The government has another option for inventions not funded with federal money, such as the use of existing drugs for other diseases to treat COVID-19. A part of federal law known as Section 1498 allows the government to make or use any invention without the patentee’s permission if it gives the owner "reasonable" compensation.

"The government is much more likely to go that route versus march-in rights," said Tyson Benson of Bejin Bieneman PLC, who noted that march-in rights would only be available for certain patents, while "1498 could cover the whole swath of any number of patents."

Unlike march-in rights, the government has used, or at least threatened to use, that provision, sometimes described as eminent domain for patents, to ensure access to drugs. In the 1960s, the government invoked Section 1498 to obtain an antibiotic from a generic supplier in Italy that charged much less than Pfizer’s branded version cost in the U.S.

More recently, during the 2001 anthrax scare, the government floated the possibility of using the section to obtain cheaper versions of the antibiotic Cipro. The section was not actually invoked, but Bayer AG responded by lowering the drug’s price. Something similar could happen if the government felt patents were hindering a COVID-19 drug.

The section is typically "used to threaten to get a better deal," said John Murray of Morris Manning & Martin LLP, and the government and the patent owner would likely have to reach some agreement about what would be "reasonable" compensation.

"They would work out a deal because that's in everyone's interest not to have a legal fight over it," he said.

Any discussion of the government's powers to override patents is likely premature at this point, Benson said, since it is only likely to be a possibility when there is a treatment that is highly effective. The government is unlikely to take such a dramatic action on a treatment that is merely promising, he said.

"You certainly don't want to start setting a precedent where we're going to use 1498 on patents that hold maybe some potential but it's not all the way there," he said.

Even in a public health emergency, for it to make sense for the government to override patents, another company would have to be able to step in to manufacture the product at issue, which may or may not be the case for a potential COVID-19 treatment, Conley said.

And government action would only be necessary if a company with a patent effectively sits on it to restrict access to the treatment. Conley said that seems "highly unlikely," given the potential to make money by selling the government a treatment that almost everyone will need.

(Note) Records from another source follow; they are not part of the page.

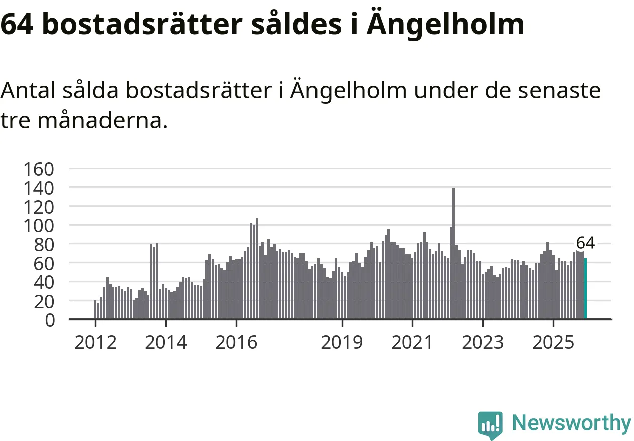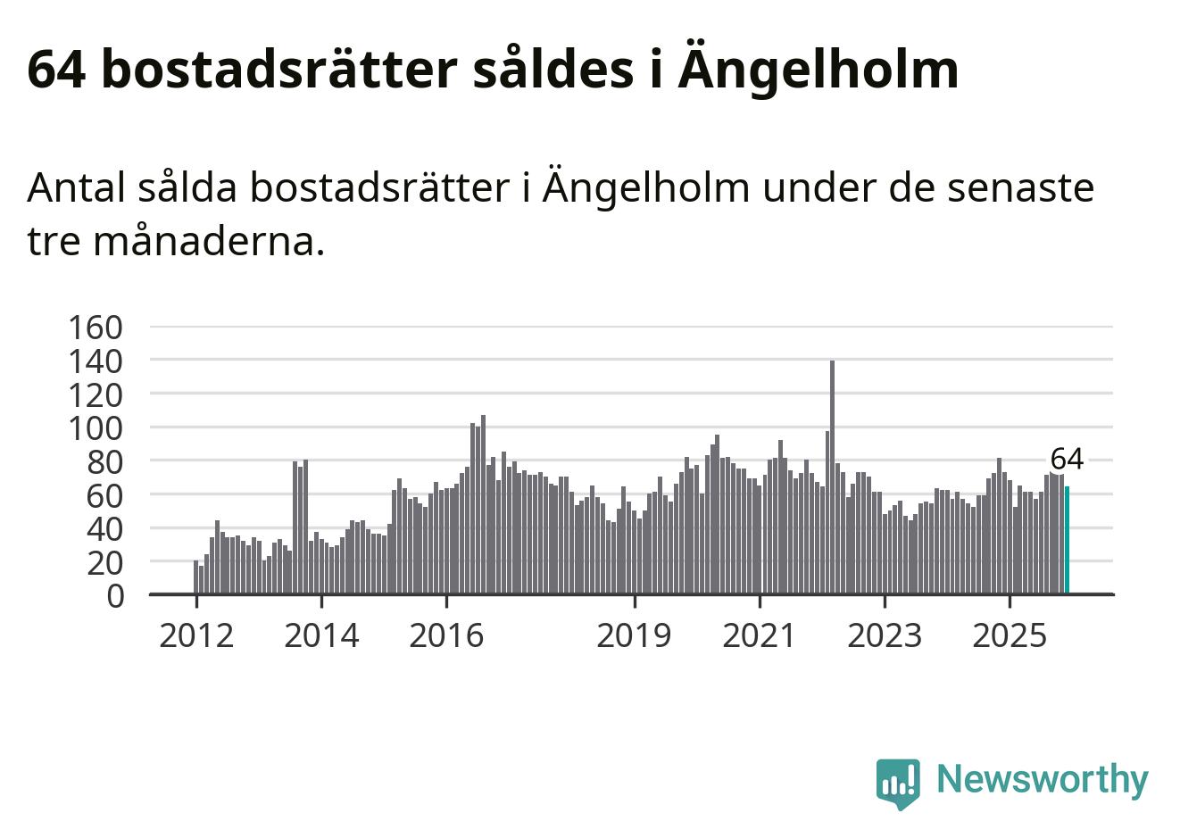 Graf: Antal sålda bostadsrätter i Ängelholms kommun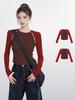 Camiseta americana de manga larga con cuello redondo y raso para mujer, de primavera y otoño, corta, ajustada, con base interior ajustada, top sexy para chica.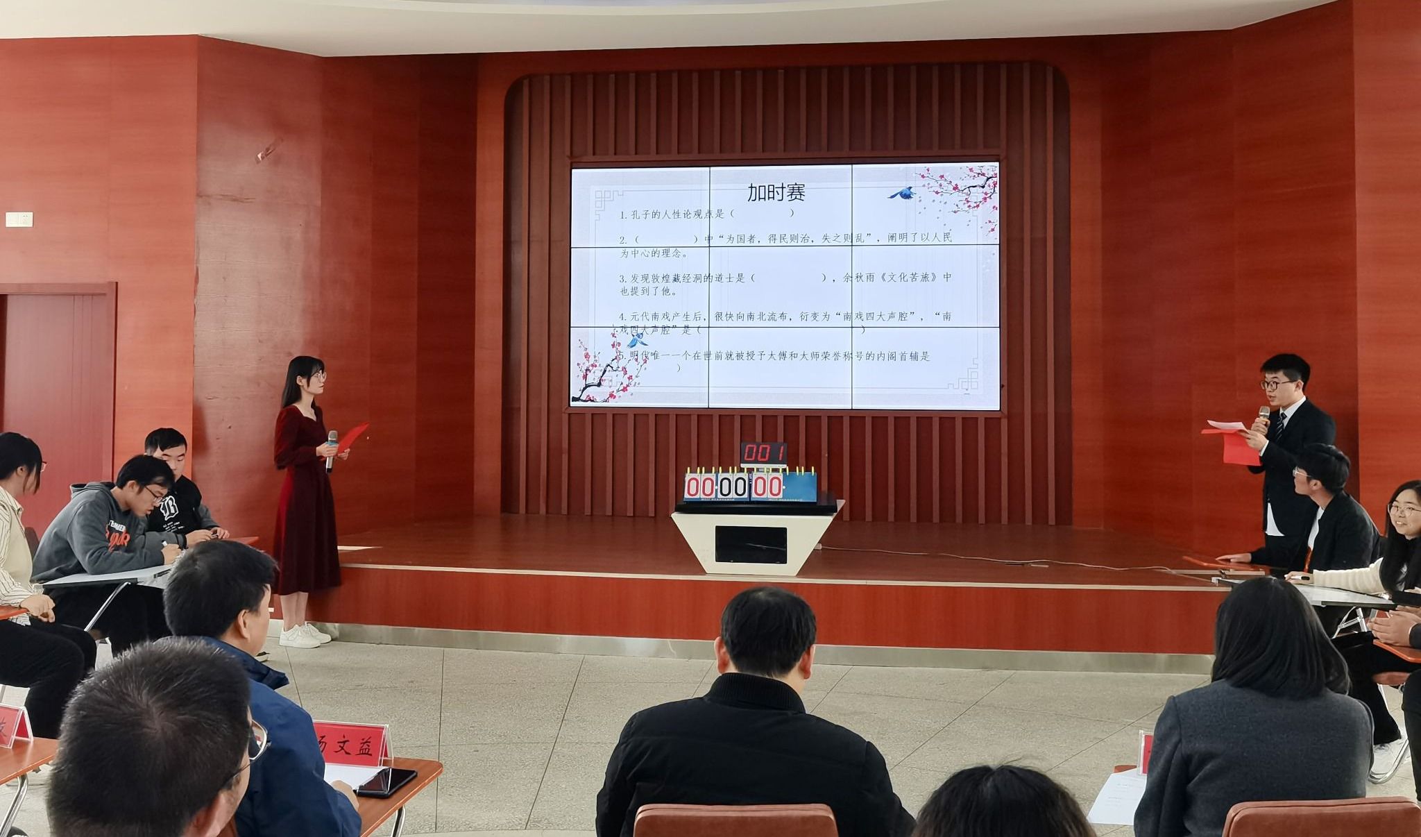 知识竞赛分国学溯源、历史追源、故事连线、慧眼识珠、事件接龙、灵机一动、飞花令等7个环节,题目类型包含单选、多选、判断等。各代表队全力以赴、奋勇争先,在比赛中充分展现了必赢青年学子对国学知识和文化历史知识的积累和理解。经过一番激烈角逐,23级商务英语1班陈璐、肖艳虹、姚怡然获得一等奖;21级汉语言文学1班李玉婷、周伊玲、唐雨琪和23级商务英语3班井卓然、居平富、丁天宇获得二等奖;22级汉语言文学1班段方正等同学获得三等奖;22级汉语言文学3班吴浩等同学获得优秀奖。

"Plus you become famous, you become a hero, you become the new Jonas Salk," he said, referencing the creator of the first polio vaccine. "It seems unlikely that anybody is going to sit on a potential therapy here for patent-related reasons."

The U.S. government’s past rejection of calls to seize patents, which have often come in the context of high drug prices, has been viewed as a reluctance to interfere with pharmaceutical prices out of a concern of undermining the incentive to innovate in the risky and expensive drug space.

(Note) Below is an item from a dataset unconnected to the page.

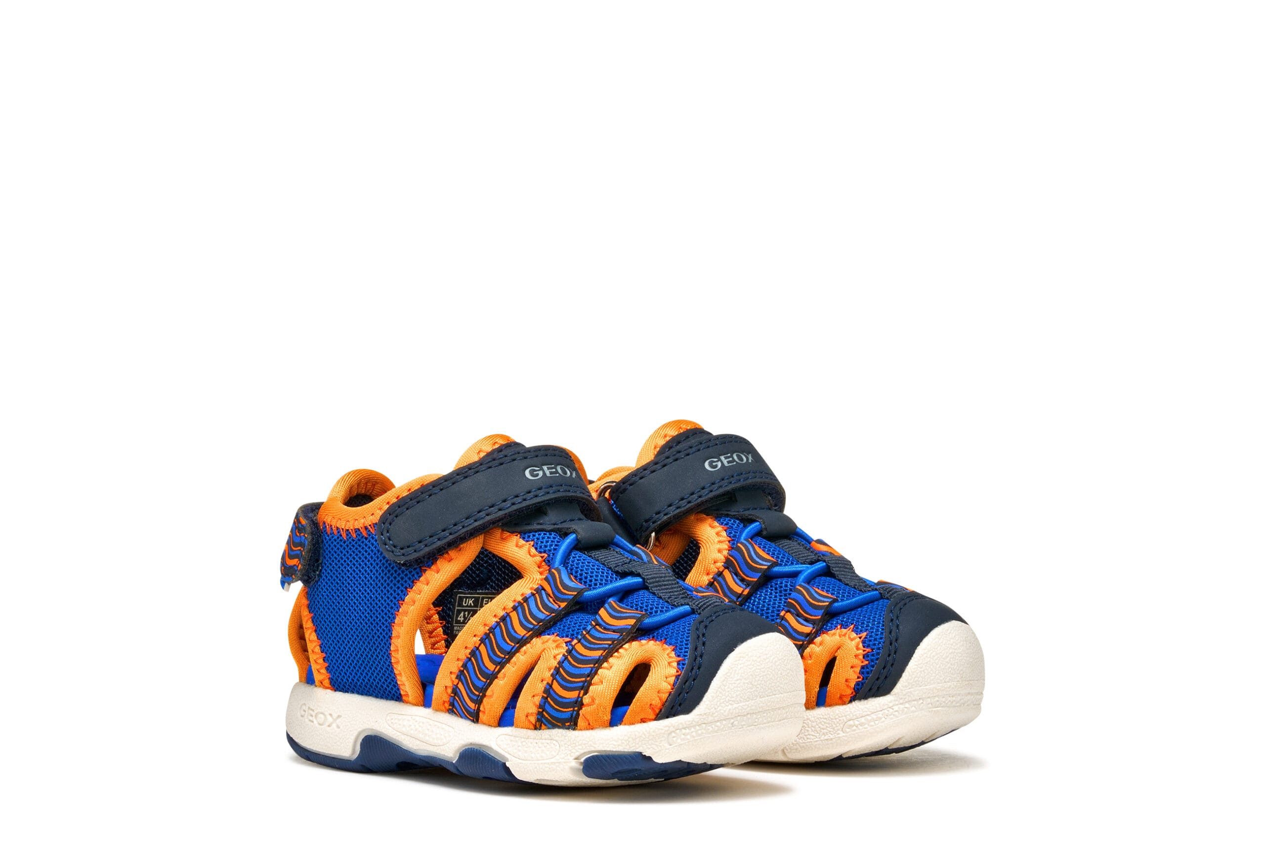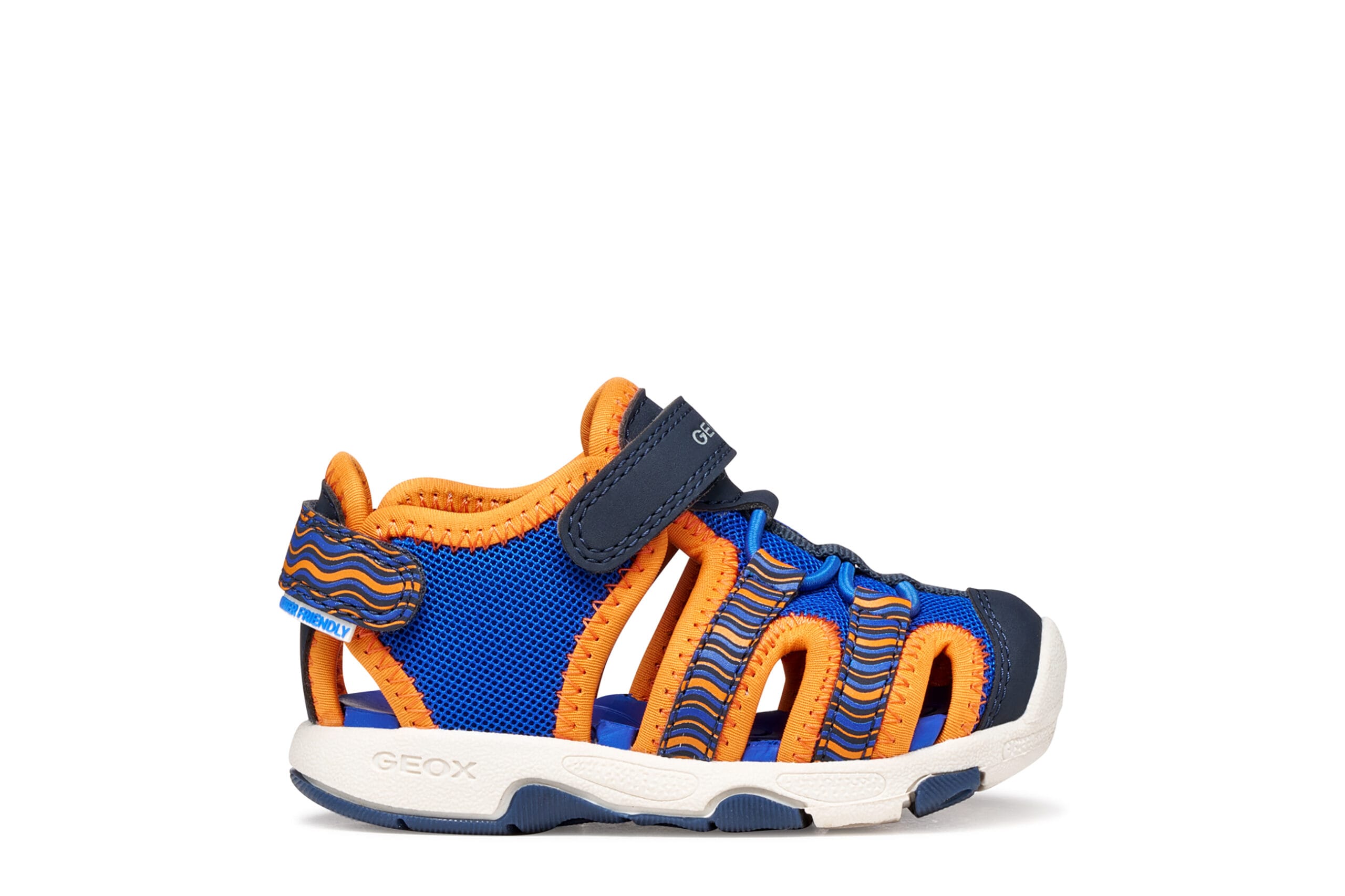 Άνετα, ελαφριά και αδιάβροχα παιδικά σανδάλια με κλειστά δάχτυλα. Σε αυτή την έκδοση, η οποία συνδυάζει βασιλικό μπλε και πορτοκαλί, διαθέτουν άνω μέρος από ανάγλυφο υλικό με εφέ δέρματος και διχτυωτό υλικό. Η Multy έχει εξωτερική σόλα που προσφέρει καλό κράτημα ακόμα και σε ολισθηρές επιφάνειες και είναι ιδανική για υπαίθριες περιπέτειες.

The pharmaceutical industry "is not like a typical market where someone else could just come in and introduce a competitive product," said Joel Wallace of Schiff Hardin.

However, those concerns might appear less pressing in the context of a global pandemic, attorneys say.

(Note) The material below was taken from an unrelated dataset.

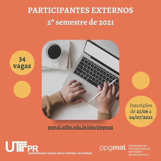 Estão abertas as inscrições para a seleção de participantes externos, para o segundo semestre, no Programa de Pós-Graduação em Ensino de Matemática (PPGMAT), Campus Cornélio Procópio / Londrina , da UTFPR. Todas as disciplinas serão ofertadas integralmente de forma remota, a partir do dia 05 de agosto de 2021.

"If it really relates to this crisis, I think in some countries the government may just order a compulsory license for public use," said Ping Wang of Morris Manning. "This is an emergency; you need to save people's lives. So maybe there will be this kind of a situation."

Since just about everyone in the country would want or need a COVID-19 vaccine, generating a sufficient supply could be a concern. If one company isn't able to make enough, Allen said that would be a legitimate use of march-in rights. But he said "it's like the airbag in your car. It's a fail-safe system, and you would hope that we'd be able to work out something more amicable."